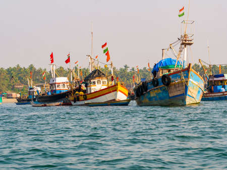 Sindhudurg, INDIA - December 23, 2021 : Troller type fishing boat at coastal maharashtra region. Sindhudurg district listed in 30 favorite tourist destination around the world.
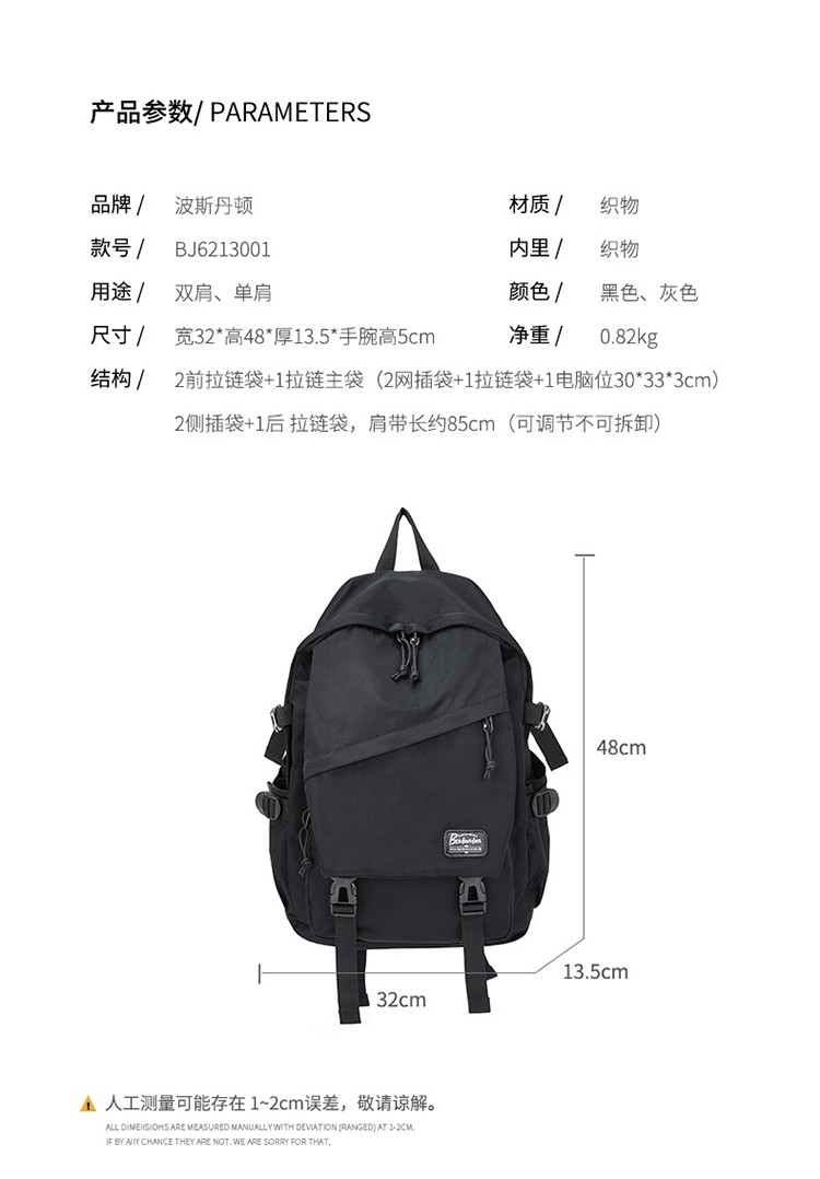 商品名称:BOSTANTEN/波斯丹顿双肩包-黑色BJ6213001
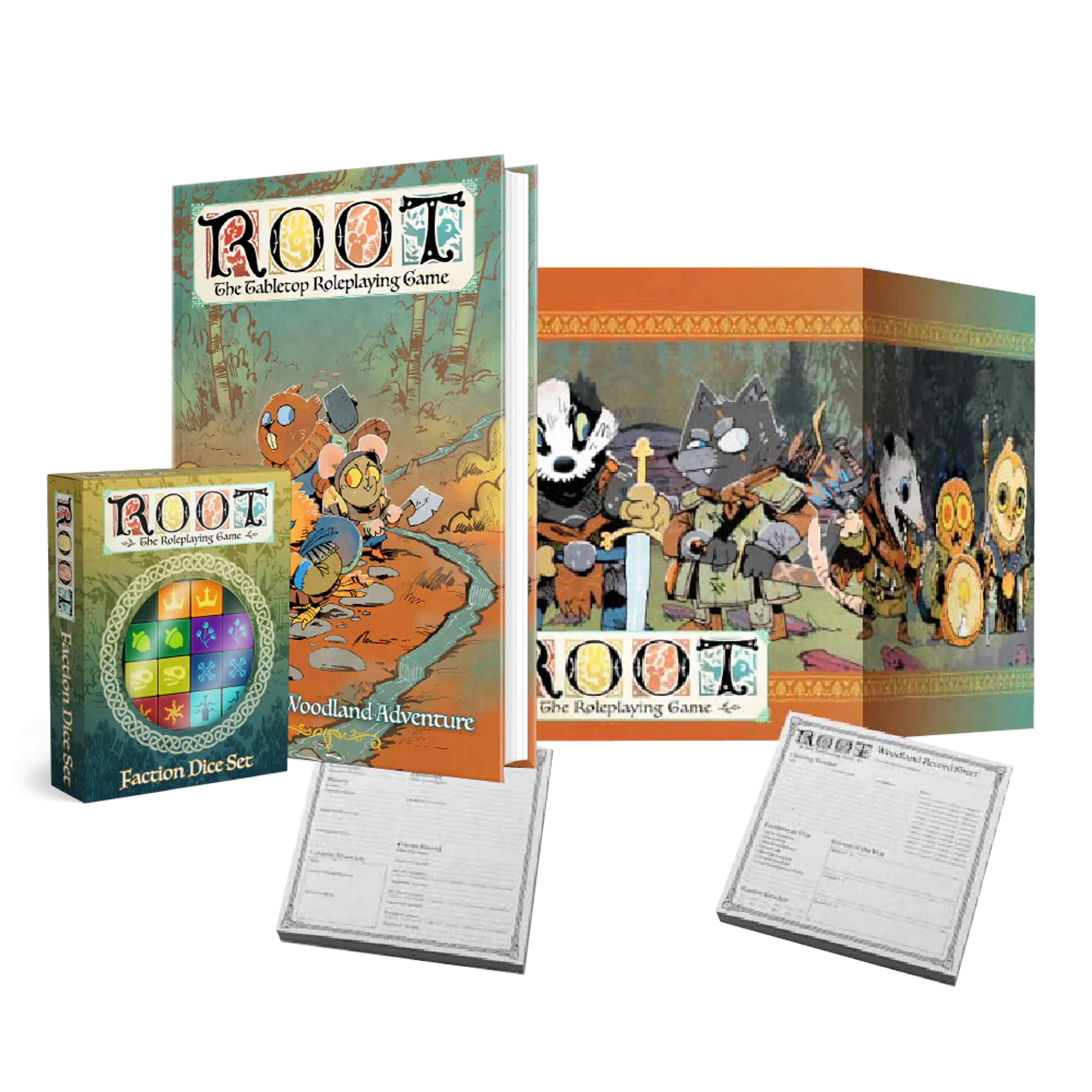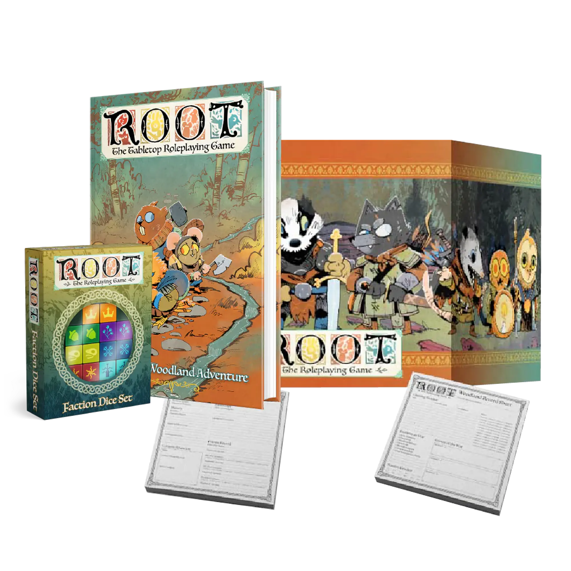 Root: the RPG - Essentials Bundle je popoln komplet za igralce, ki želijo vstopiti v očarljivi svet Root: The RPG, igranja vlog, zasnovanega po priljubljeni družabni igri Root. Ta paket vključuje vse potrebno za vodenje in igranje kampanj v tem pisanem, politično napetem svetu.
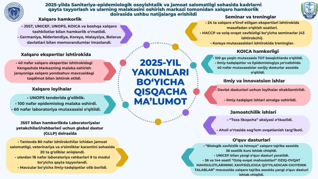 Sanitariya-epidemiologik osoyishtalik va jamoat salomatligi sohasida kadrlarni qayta tayyorlash va ularning malakasini oshirish markazi tomonidan xalqaro hamkorlik doirasida amalga oshirilgan ishlar bilan yuqoridagi infografika orqali batafsil ma’lumot olishingiz mumkin!
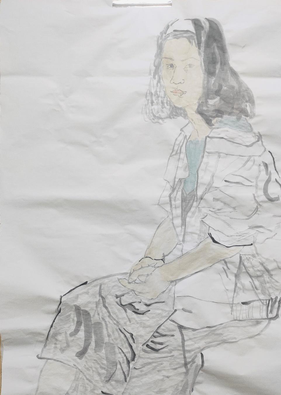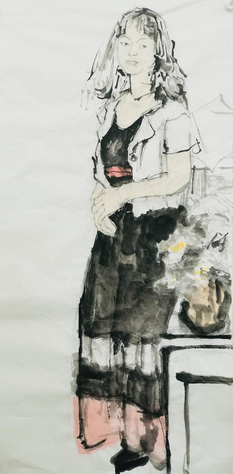通过这几周的学习,之前我对人物并不是特别的敏感,然后在人物的一些方面可能会多多少少存在一些自己的问题。但是通过这几周的学习,首先我感觉对人物的外形上,通过一些大量的练习,就是手上功夫会熟练一些,对于结构骨点等处会有意识去留意处理,然后自己开始对人物会有一点自己的想法。然后在练习中,不论是一些线条还是墨色上,等等都会去注意。在提笔顿笔上会有灵活的走动,保持书写感,对于墨色的一些微妙变化也有了想法。我们对水墨的了解还是比较浅淡的,然后通过这几周顾老师的交流与输出,希望在之后会有更多的练习去不断的完善自己的水墨人物,去不断地抓住人物的造型与特征,感谢老师这段时间的指导。(20级国画人物本科班\李雯雯)
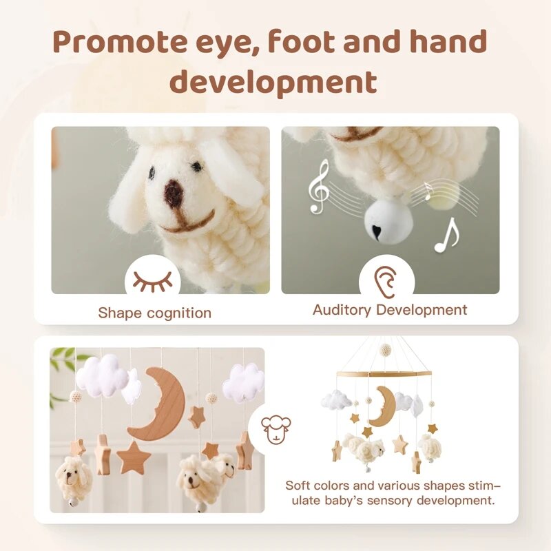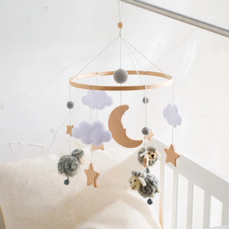 Купить Деревянная погремушка-мобиль для новорожденных, Sheep White
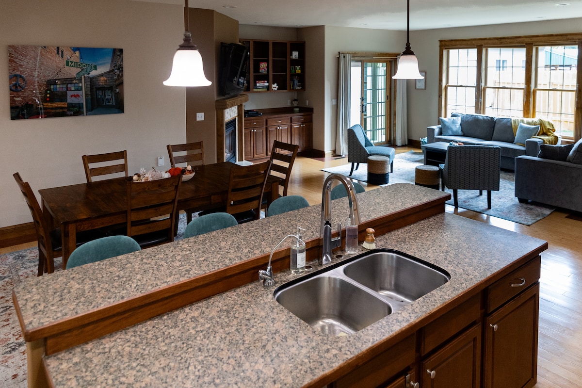 Make some memories at this unique, cozy, family-friendly place. 1,350 sq ft open concept sleeps 4 comfortably in 2 bedrooms, but also has a hide-a-bed that can sleep 2 little ones next to the 6 foot Chicago Cubs logo in one of the living areas. Hot sauce wall is stocked full. One level, has in-floor heating in kitchen, smaller living area and bathroom and both bedrooms. Gas fireplace in main living room, also has window unit air conditioning. Large open yard behind the house.

○ ○ ○

◆ Problem details
The pictures stay out; everything else in the records above must be repeated exactly.

◆ Reply
 Sindhudurg, INDIA - December 23, 2021 : Troller type fishing boat at coastal maharashtra region. Sindhudurg district listed in 30 favorite tourist destination around the world.
 商品名称:BOSTANTEN/波斯丹顿双肩包-黑色BJ6213001
 Root: the RPG - Essentials Bundle je popoln komplet za igralce, ki želijo vstopiti v očarljivi svet Root: The RPG, igranja vlog, zasnovanega po priljubljeni družabni igri Root. Ta paket vključuje vse potrebno za vodenje in igranje kampanj v tem pisanem, politično napetem svetu.
 Sanitariya-epidemiologik osoyishtalik va jamoat salomatligi sohasida kadrlarni qayta tayyorlash va ularning malakasini oshirish markazi tomonidan xalqaro hamkorlik doirasida amalga oshirilgan ishlar bilan yuqoridagi infografika orqali batafsil ma’lumot olishingiz mumkin!
通过这几周的学习,之前我对人物并不是特别的敏感,然后在人物的一些方面可能会多多少少存在一些自己的问题。但是通过这几周的学习,首先我感觉对人物的外形上,通过一些大量的练习,就是手上功夫会熟练一些,对于结构骨点等处会有意识去留意处理,然后自己开始对人物会有一点自己的想法。然后在练习中,不论是一些线条还是墨色上,等等都会去注意。在提笔顿笔上会有灵活的走动,保持书写感,对于墨色的一些微妙变化也有了想法。我们对水墨的了解还是比较浅淡的,然后通过这几周顾老师的交流与输出,希望在之后会有更多的练习去不断的完善自己的水墨人物,去不断地抓住人物的造型与特征,感谢老师这段时间的指导。(20级国画人物本科班\李雯雯)
 Купить Деревянная погремушка-мобиль для новорожденных, Sheep White
 Make some memories at this unique, cozy, family-friendly place. 1,350 sq ft open concept sleeps 4 comfortably in 2 bedrooms, but also has a hide-a-bed that can sleep 2 little ones next to the 6 foot Chicago Cubs logo in one of the living areas. Hot sauce wall is stocked full. One level, has in-floor heating in kitchen, smaller living area and bathroom and both bedrooms. Gas fireplace in main living room, also has window unit air conditioning. Large open yard behind the house.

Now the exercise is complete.